About Never Let Me Go, she writes in 2005, “Like the author’s last novel (When We Were Orphans), Never Let Me Go is marred by a slapdash, explanatory ending that recalls the stilted, tie-up-all-the loose-ends conclusion of Hitchcock’s Psycho. The remainder of the book, however, is a Gothic tour de force that showcases the same gifts that made Mr. Ishiguro’s 1989 novel, The Remains of the Day, such a cogent performance.”
And about The Remains of the Day, she writes in 1989, “Mr. Ishiguro is able to create a portrait of the man [Stevens] that is uncompromisingly tough, and at the same time elegiac. He shows us the consequences of both emotional repression and misplaced loyalty, the costs of blindly holding onto values formed by another age. The result is an intricate and dazzling novel.”
Again at the Times, Alexandra Alter and Dan Bilefsky write that Ishiguro has sold 2.5 million copies of his novels in the States. Wood and Onwuemezi tell us that in the UK, he’s sold 1.67 million copies through Nielsen BookScan’s Total Consumer Market gauge.
Alter and Bilefsky report that Ishiguro is the 29th English-language author to win the prize and has the rare distinction of being commercially successful.

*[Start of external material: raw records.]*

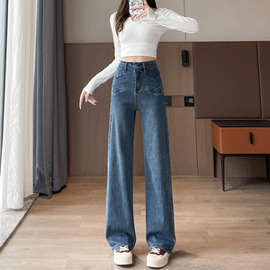 复古牛仔裤女春秋季2025新款高腰显瘦宽松百搭直筒垂感九分阔腿裤
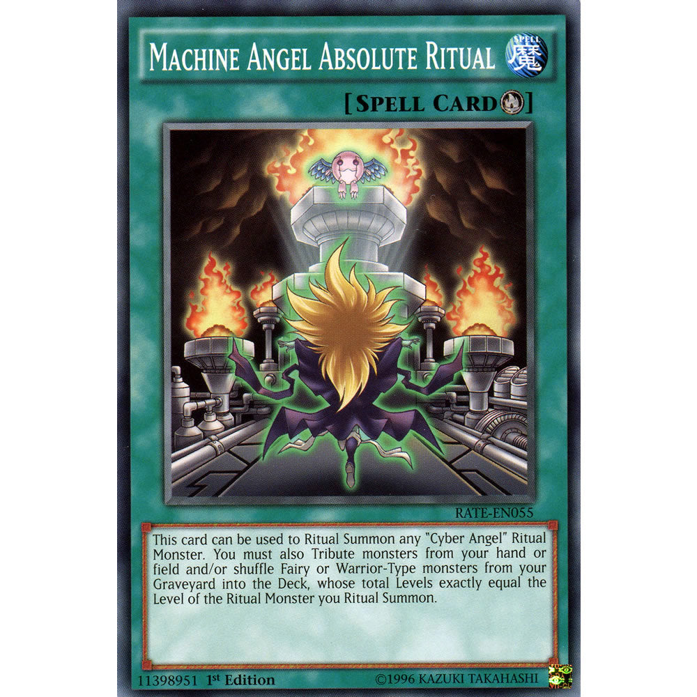 Card Text: This card can be used to Ritual Summon any "Cyber Angel" Ritual Monster. You must also Tribute monsters from your hand or field and/or shuffle Fairy or Warrior-Type monsters from your Graveyard into the Deck, whose total Levels exactly equal the Level of the Ritual Monster you Ritual Summon.
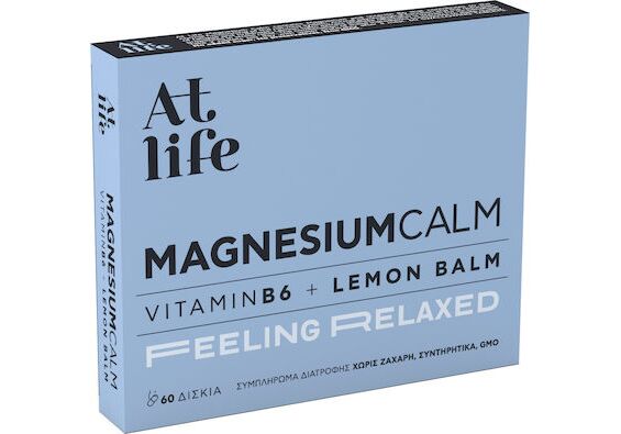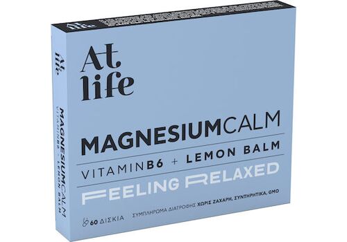 To Αt Life Μagnesium Calm περιέχει Μαγνήσιο και τη Βιταμίνη Β6 που συμβάλλουν στη φυσιολογική λειτουργία του νευρικού συστήματος, στη φυσιολογική ψυχολογική λειτουργία και στη μείωση της κούρασης και της κόπωσης.
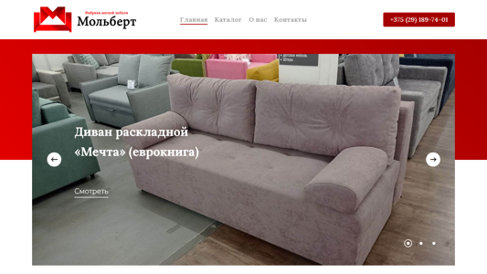 | AI-анализ | The portal is a furniture e-commerce website specializing in sofas and armchairs. The title of the homepage is 'Заказать диван' (Order a Sofa). The description mentions the words 'каталог' (catalog) and 'мечта' (dream) multiple times, suggesting that the website offers a wide range of sofas and armchairs for customers to choose from. The top_words indicate that the website sells both fixed and collapsible sofas, which are referred to as 'диван' and 'диван раскладной' respectively, as well as various models named 'Мечта', 'Премьер', and 'Мечта-3'. The prices of the products are given in Belarusian rubles and euros. The website also provides contact information, including a phone number and an address in the city of Жоди |
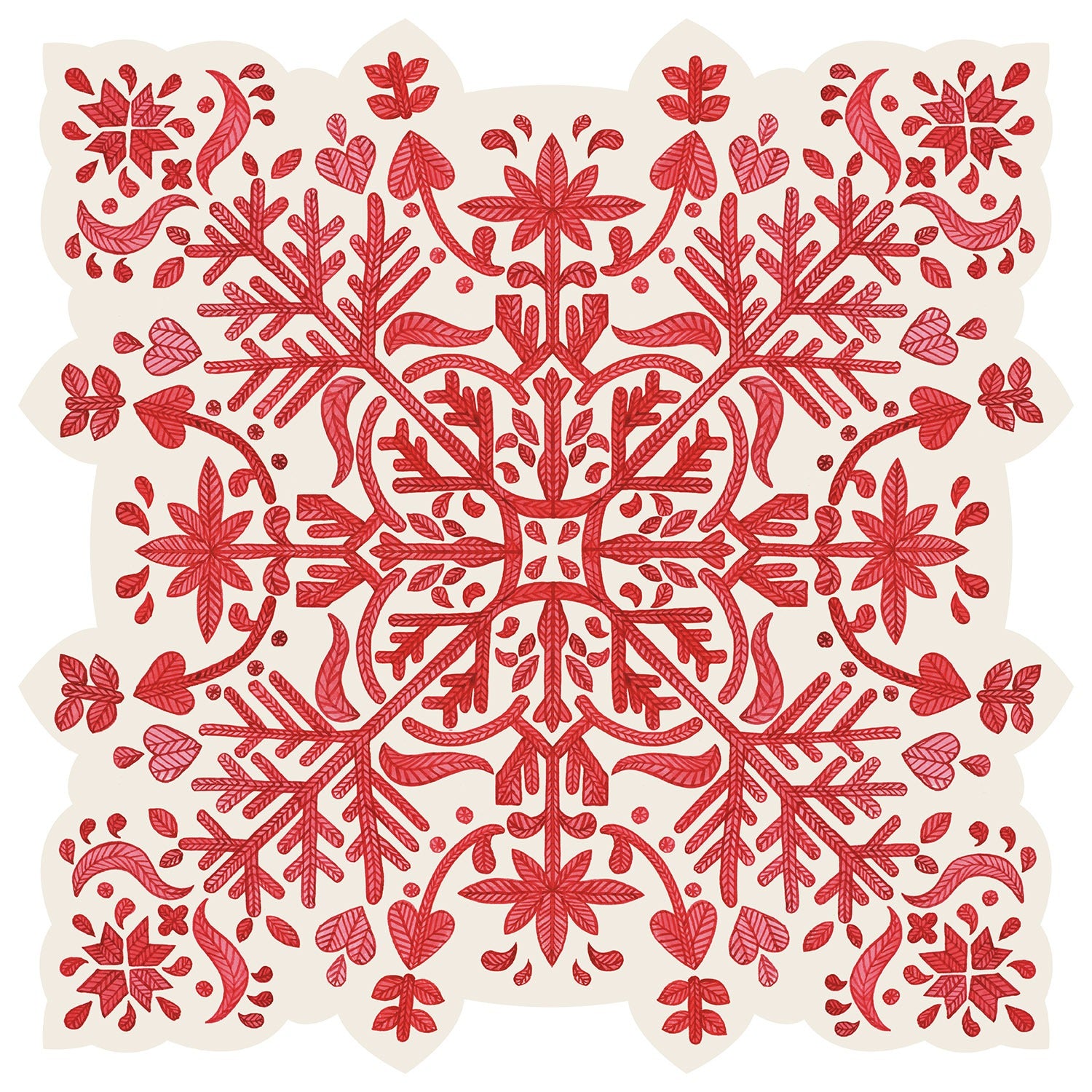 The Die-cut Fair Isle Snowflake Placemat is a bold and bright way to combat the winter blues! This versatile piece works multiple ways on the table, square or turned, and also makes great giant snowflake decor for winter gatherings hung as bunting or scattered down a buffet. These paper placemats add an elegant touch to any table scape. Designed and printed in the USA on FSC certified, recycled content.
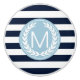 Modernes tiefes Marineblau- und weißesbreites gestreiftes Muster mit kundenspezifischem Lorbeer winden Logomonogramm im hellen Pastellblau, um Ihr eigenes Anfangs-, Namens oder Text zu addieren.
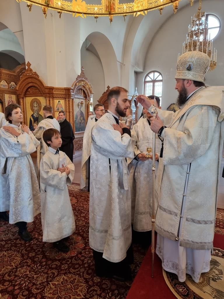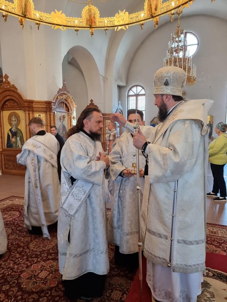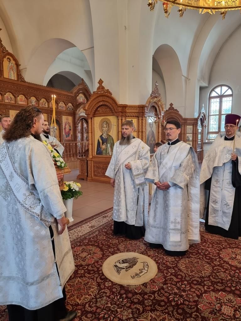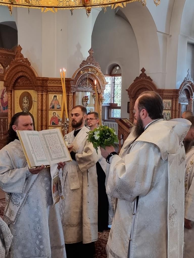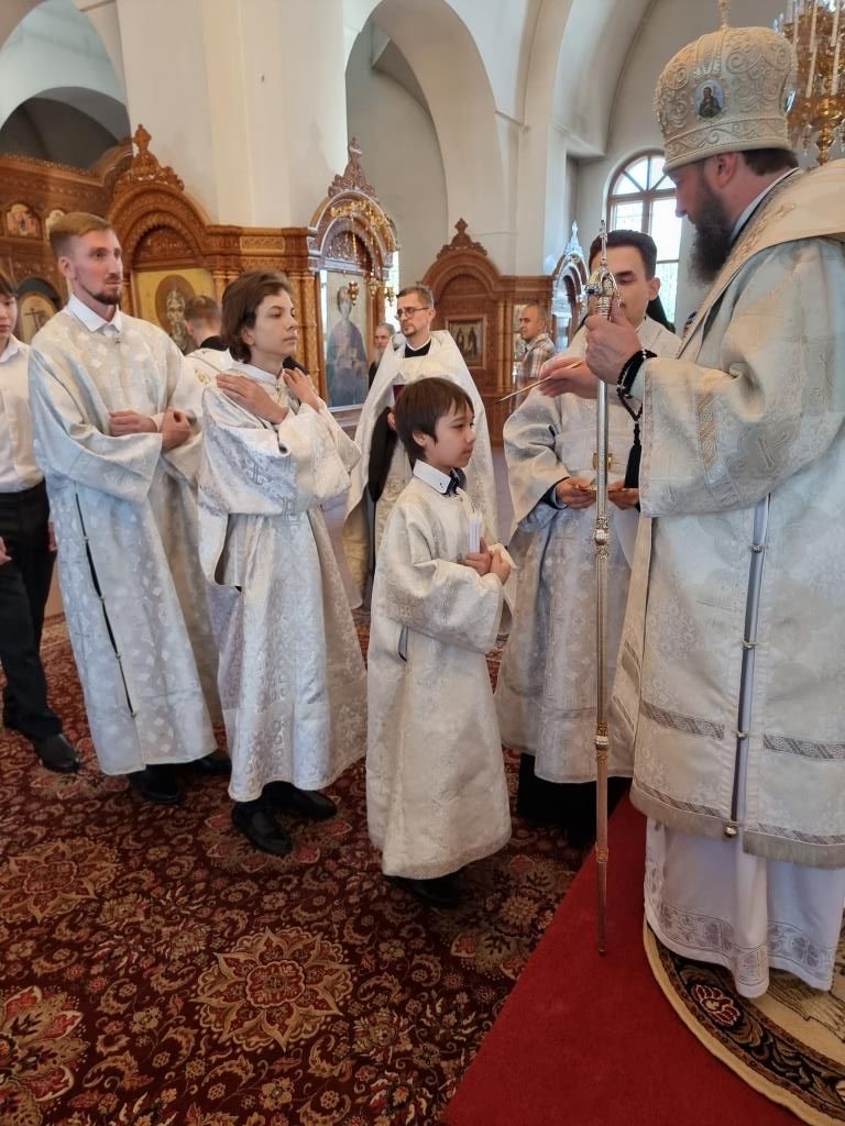 Высокопреосвященнейшему Архипастырю сослужили: ключарь Андреевского кафедрального собора иеромонах Никодим (Авдеев), клирики собора иерей Алексий Клепиков и иерей Константин Дьяков, секретарь епархии диакон Илия Кван, протодиакон Георгий Засыпкин и протодиакон Андрей Дудник. Богослужебные песнопения исполнял хор под управлением Н. Романцовой.
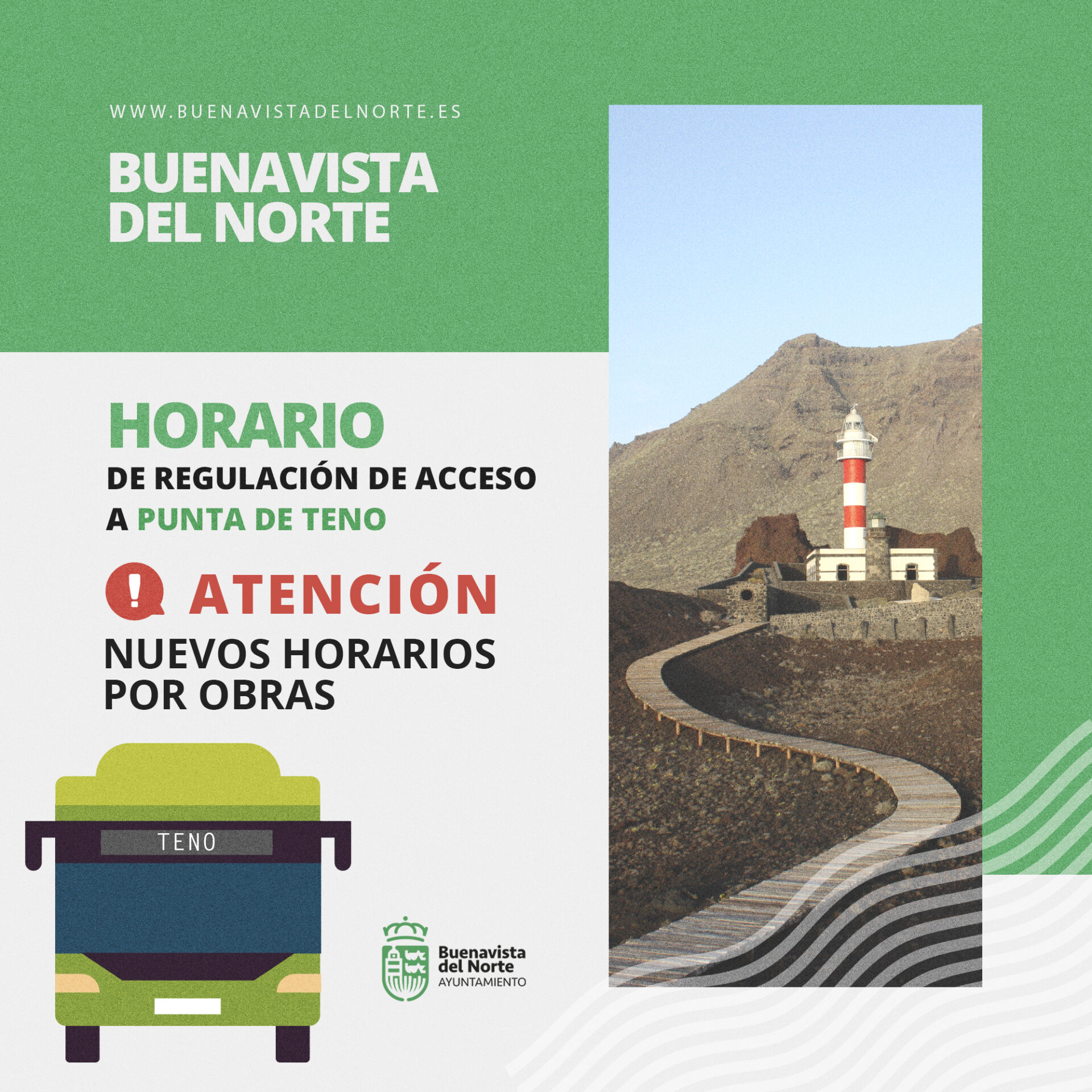 De manera excepcional, debido al comienzo de obras en la carretera que da acceso a Punta de Teno, a partir del lunes, 19 de enero de 2026 y hasta finalización de obras, se producirán cambios en la línea 369 de guagua que realiza el trayecto desde la Estación de Guaguas de Buenavista del Norte hasta Punta de Teno. Puede ampliar información en relación a los horarios en el siguiente link: https://titsa.com/index.php/tus-guaguas/lineas-y-horarios/linea-369
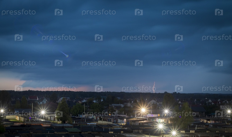 Снимок молнии в ночном небе. Природа
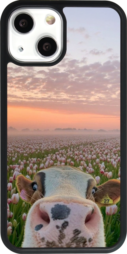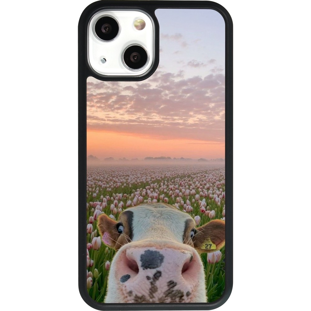Coque iPhone 13 mini - Silicone rigide noir Cow with tulips Spring 2026
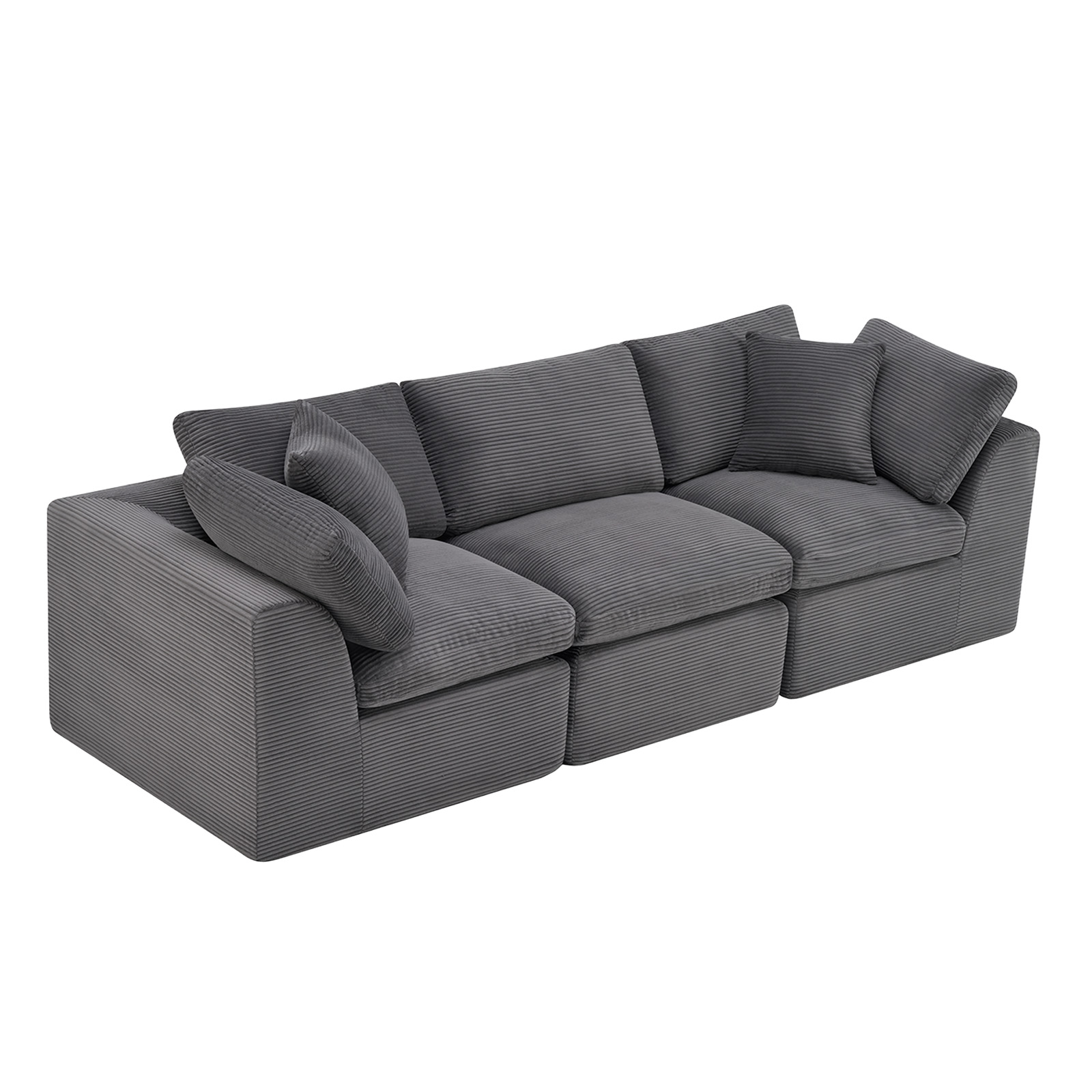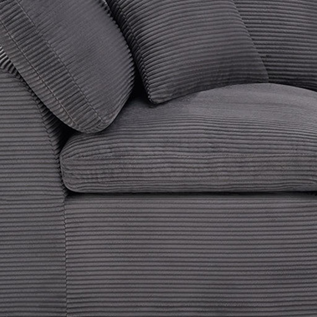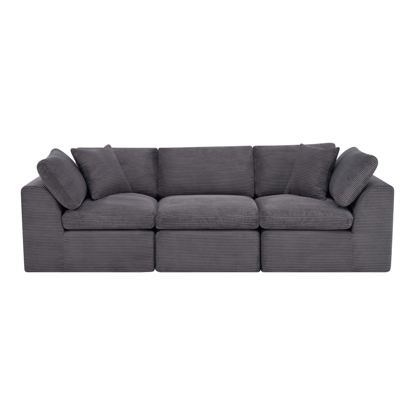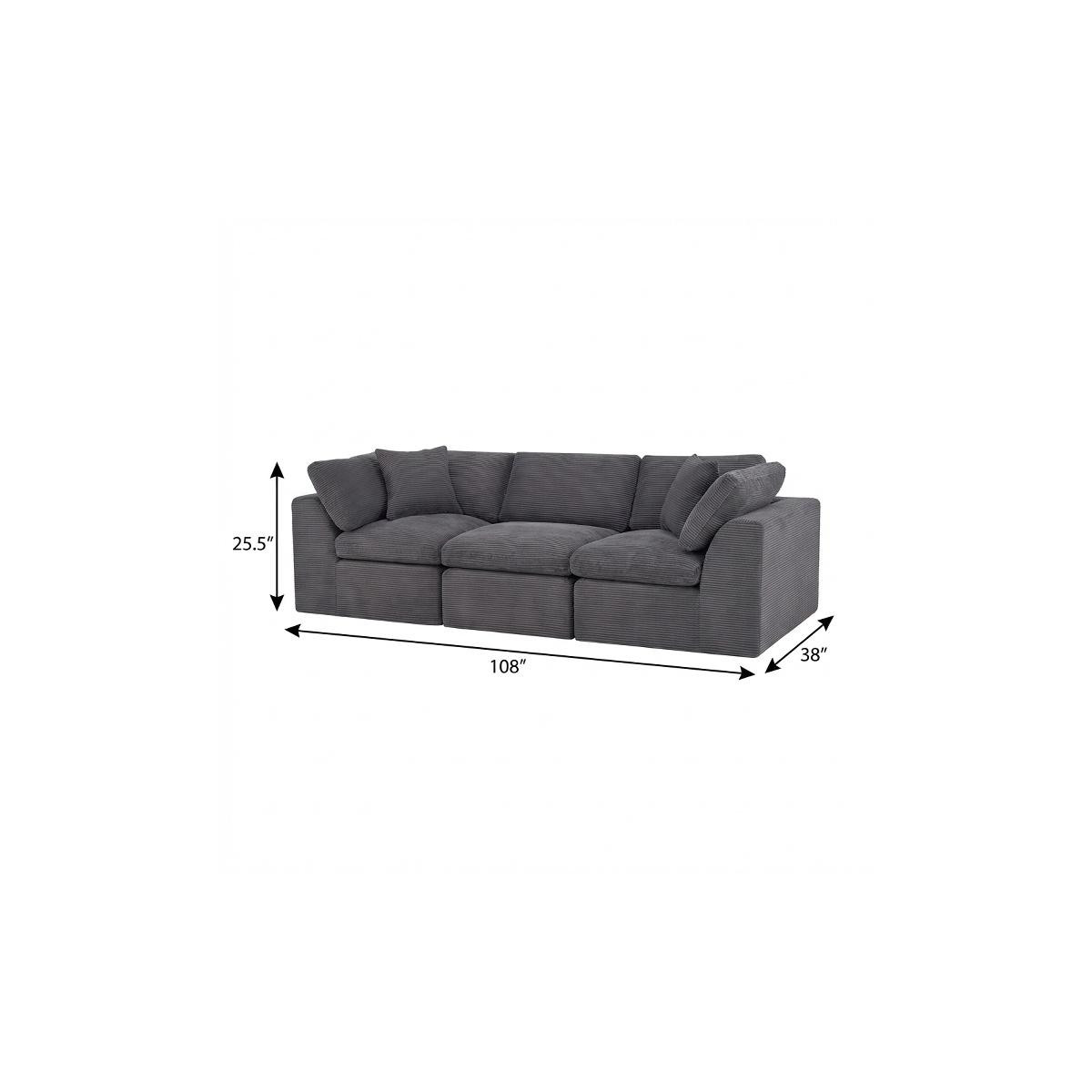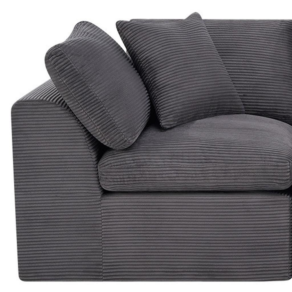 The 108-inch dark gray corduroy modular sofa with toss pillows offers a modern touch to your living space. Fully upholstered with a solid color soft plush corduroy upholstery, this modular set combines two end pieces and middle to create a three seat sofa. The included toss pillows add an extra layer of comfort. With its plush foam frame, this sofa provides durable support for everyday use. The cushioned back and stylish wide arched arms enhance its contemporary design, making it a perfect centerpiece for any room. Experience a blend of luxury and functionality with this versatile modular sofa. 25.50-inch h x 108.00-inch w x 38.00-inch d.

“Of the 114 winners who have received the prize since it was first awarded in 1901,” they add, “14 have been women.”
In a new piece at the New Republic, Alex Shephard sees a trend that connects Ishiguro, Dylan and the 2015 laureate, poet Svetlana Alexievich: “The Nobel is casting off its elitist reputation…It’s heartening to see a 116-year-old prize reinvent itself. This is a good development if kept in moderation…The danger is that the Nobel will lose its most important function, which is to dispassionately select the best writers from across the globe.”
And it’s important to listen again to Ishiguro, himself, from that park-bench news conference video, to get a sense for what the artist would like us to make of the recognition that Sweden has bestowed on him:
“I hope that some of the themes I’ve tried to tackle in my work about history, about not just personal memory but about how countries and nations and communities remember their past–and how often they bury the uncomfortable memories from the past–I hope that these kinds of themes will actually be in some small way helpful to the climate we have at the moment because we’ve entered a very uncertain time in the world.”